TASK GOAL ::
Copy exactly and only the lines running from the one that contains "I photograph the" to the final line of the data below, without the pictures.

RECORDS TO USE section start

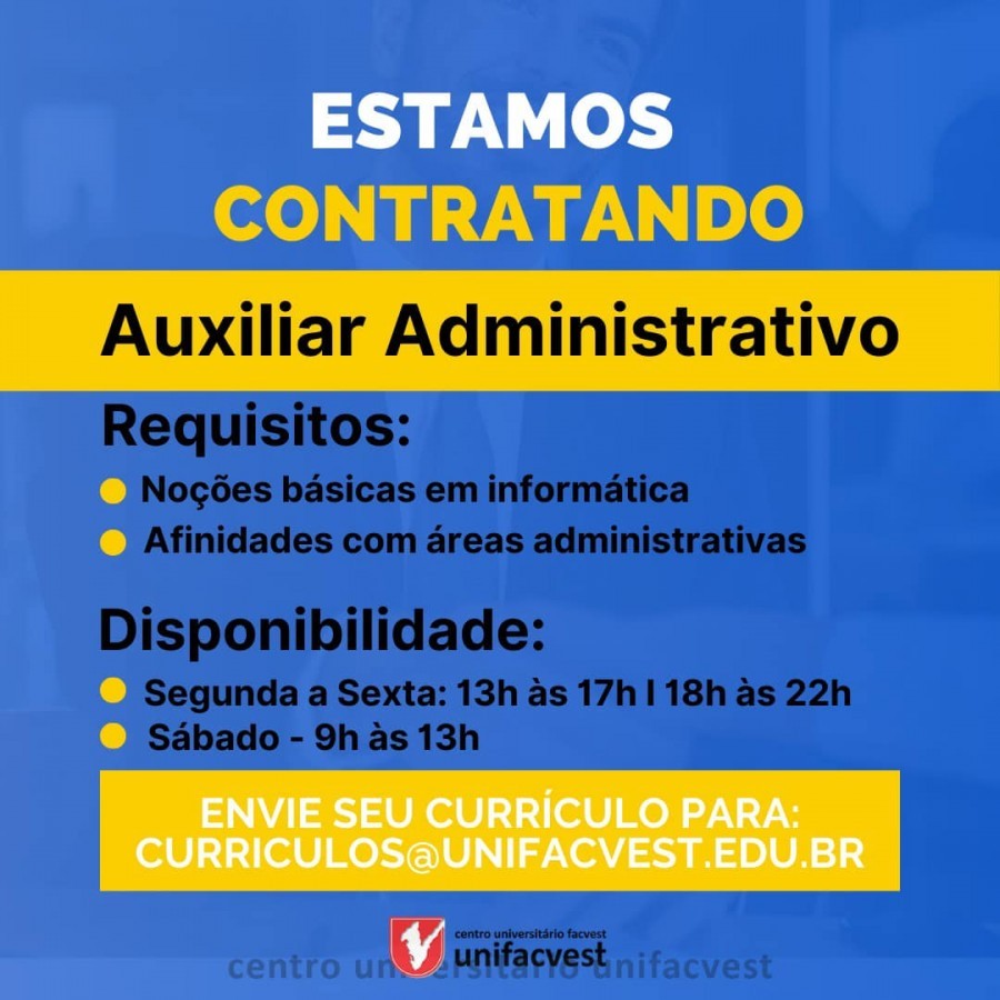 Informações somente pelo e-mail curriculos@unifacvest.edu.br
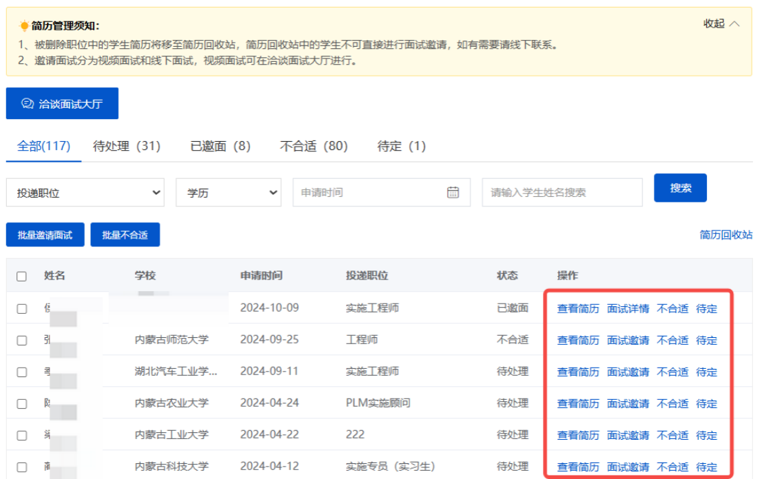 点击【招聘管理】—【简历管理】查看学生投递的简历,并对简历进行标记。
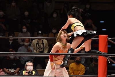 鈴芽再度コーナーに上ってダイビングボディアタック(左写真)、カウント2。
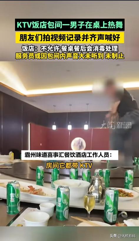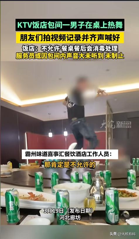 “脸都不要了!”近日,河北廊坊,一KTV饭店包间内,男子竟在饭桌跳起了舞。它站在圆桌中间的转盘上,手臂来回摆动,腿也跟着抖动,搁上面来回踱步转圈。转盘被他踩得剧烈晃动,跟要散架似的,周围人竟还齐齐叫好!网友:磕了? KTV饭店是一个放松的地方,吃饭之余,还能唱歌娱乐一下,活跃下气氛,是不少人聚餐的选择。不过,也有些人在里面做出些不雅的事来。 据媒体3月19日报道,事发当日,一群人正在包间里聚餐,一个男子在餐桌上跳起舞来。男子腿脚不断地在桌子上抖动,手臂摆来摆去,还搁上面转了个圈。 舞姿看不出来有多美,下面的转盘倒是被他踩得不堪重负,止不住地晃动,就跟要散架一样。旁边的好友不仅没有制止,甚至还在一旁拍照起哄,齐声叫好。 事后店方回应,店里是不允许这么做的,应该是服务员没有发现,不然肯定会制止的。桌子倒是没坏,也不用担心卫生问题,每次餐后都会进行消毒处理。 网友看后表示,这么没素质的事,怎么还一堆起哄的,这不应该上前制止么?可能给人家造成困扰不说,万一自己再摔下来,受了伤怎么办,是不是还要再去找店家索赔? 信息来源:《KTV饭店包间一男子在桌上热舞 KTV饭店包间一男子在桌上热舞,朋友们拍视频记录并齐声喊好,饭店:不允许 餐桌餐后会消毒处理,服务员或因包间内声音大未听到 未制止》大皖新闻
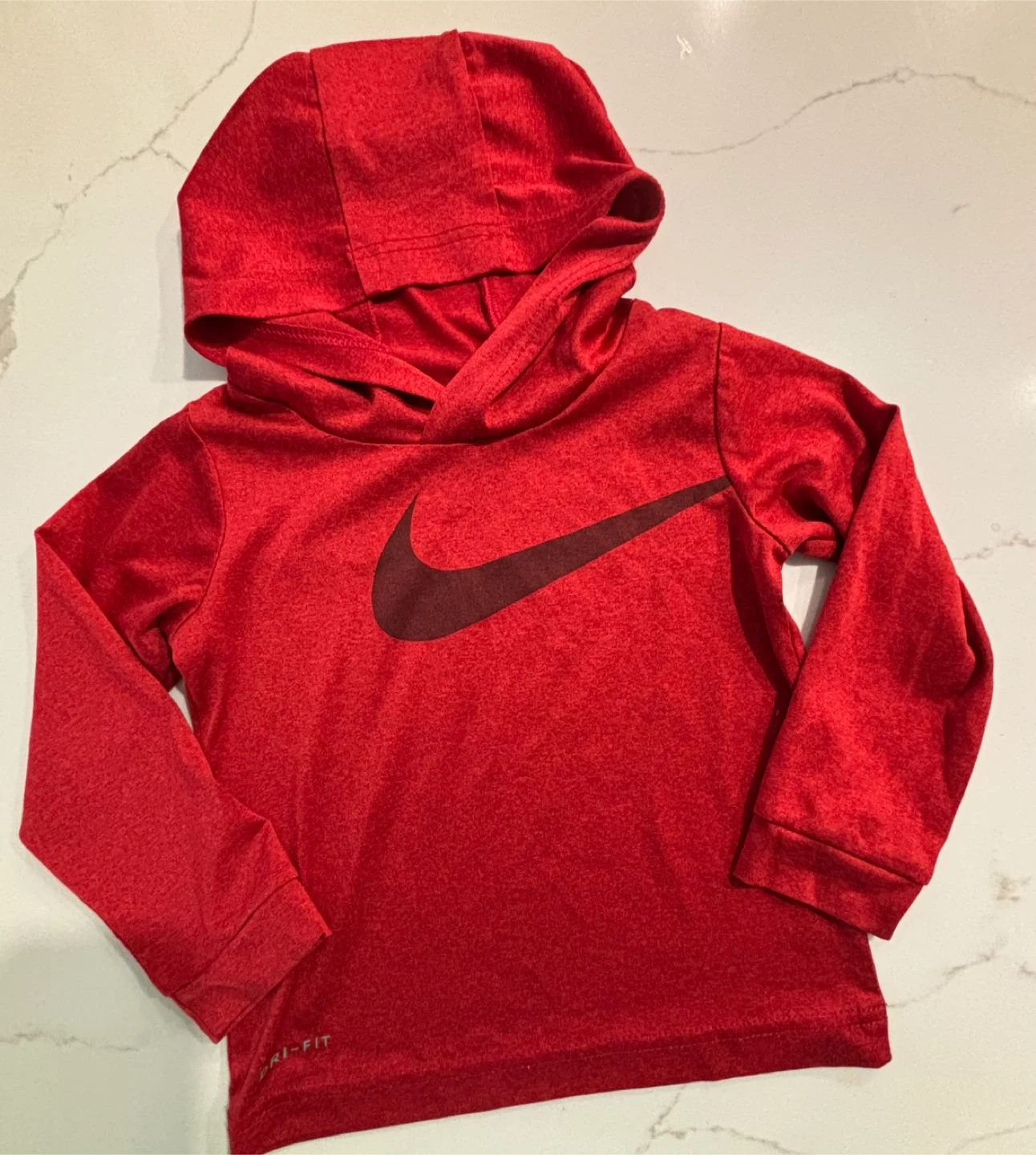Nike hoodie with a large swoosh logo. Made with Dri-FIT fabric. Fits size 2T. Kids' essential for play or sports!
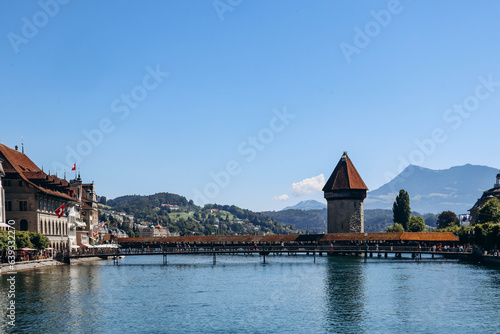 The Kapellbrucke (literally, Chapel Bridge), a covered wooden footbridge spanning the river Reuss diagonally in the city of Lucerne in central Switzerland
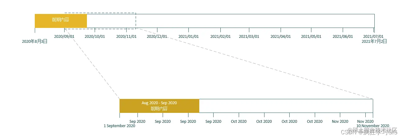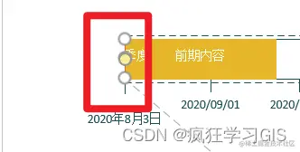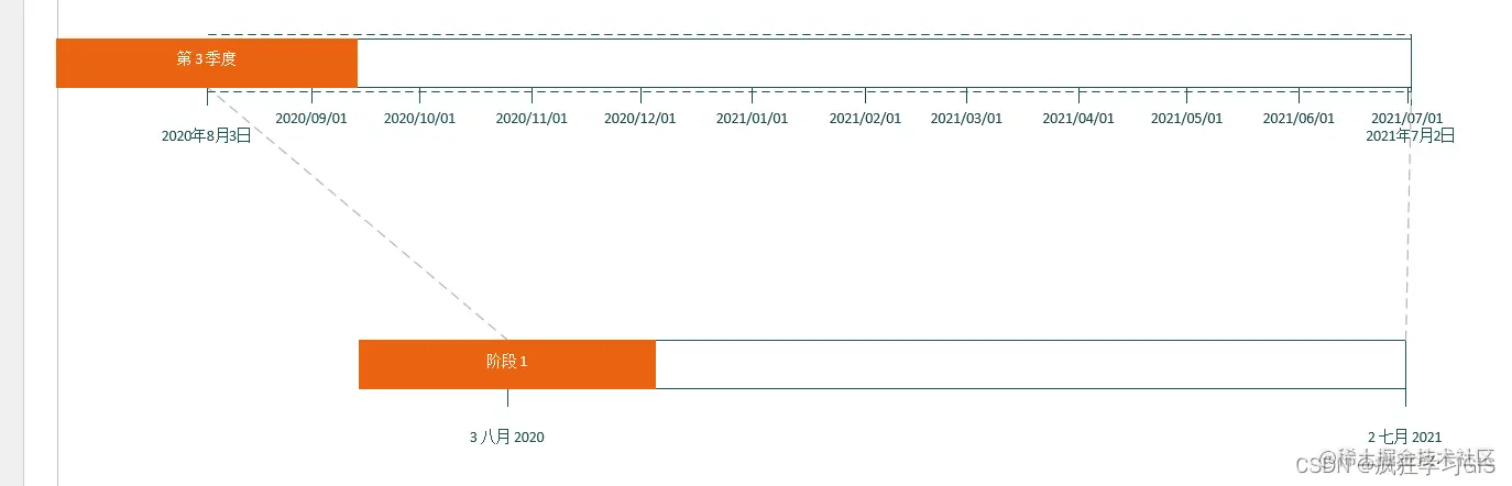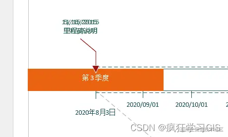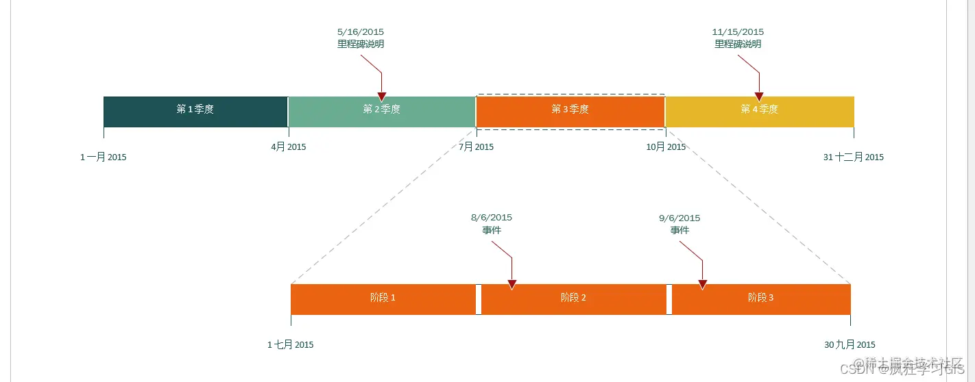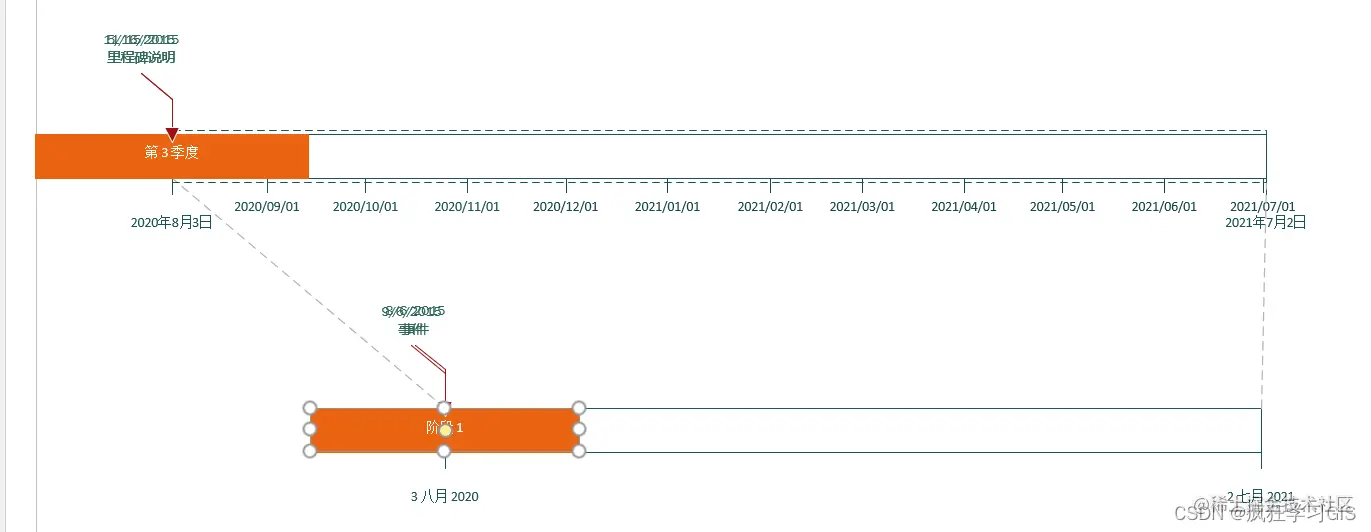 可以看到,一些原本在时间轴中分散分布的元素(例如上图中第3季度、阶段1,这些元素叫做“时间间隔”),此时都聚集在了一起。这是由于这些元素是适合于模板中原来的时间范围的,而我们刚刚修改了这一时间范围,从而导致部分元素可能出现聚集的情况。
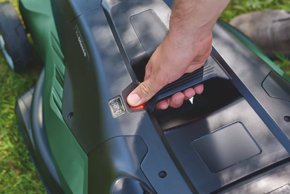 Offers excellent results and quiet mowing with acoustically enhanced design and ProSilence feature. AdvancedRotak offers 7 cutting heights, ranging from 25 to 80mm, with simple button operation. LeafCollect blade cuts grass and can also be used to collect leaves.
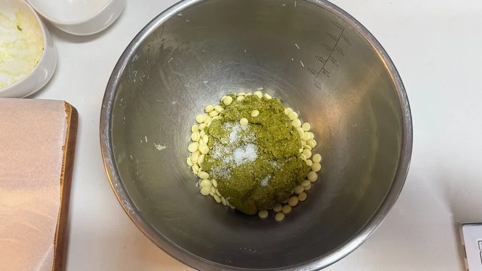 I photograph the moment after adding salt to the pistachio paste, instinctively feeling the need to document it. [WOO JI-WON]
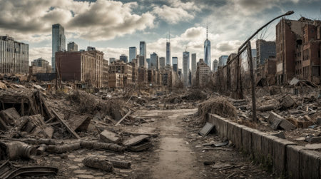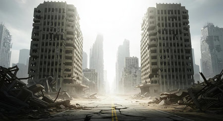 AI Generated. Devastated urban cityscape covered in dust and rubble after a massive destruction event

RECORDS TO USE section end

COMPLETED EXERCISE ::
 I photograph the moment after adding salt to the pistachio paste, instinctively feeling the need to document it. [WOO JI-WON]
 AI Generated. Devastated urban cityscape covered in dust and rubble after a massive destruction event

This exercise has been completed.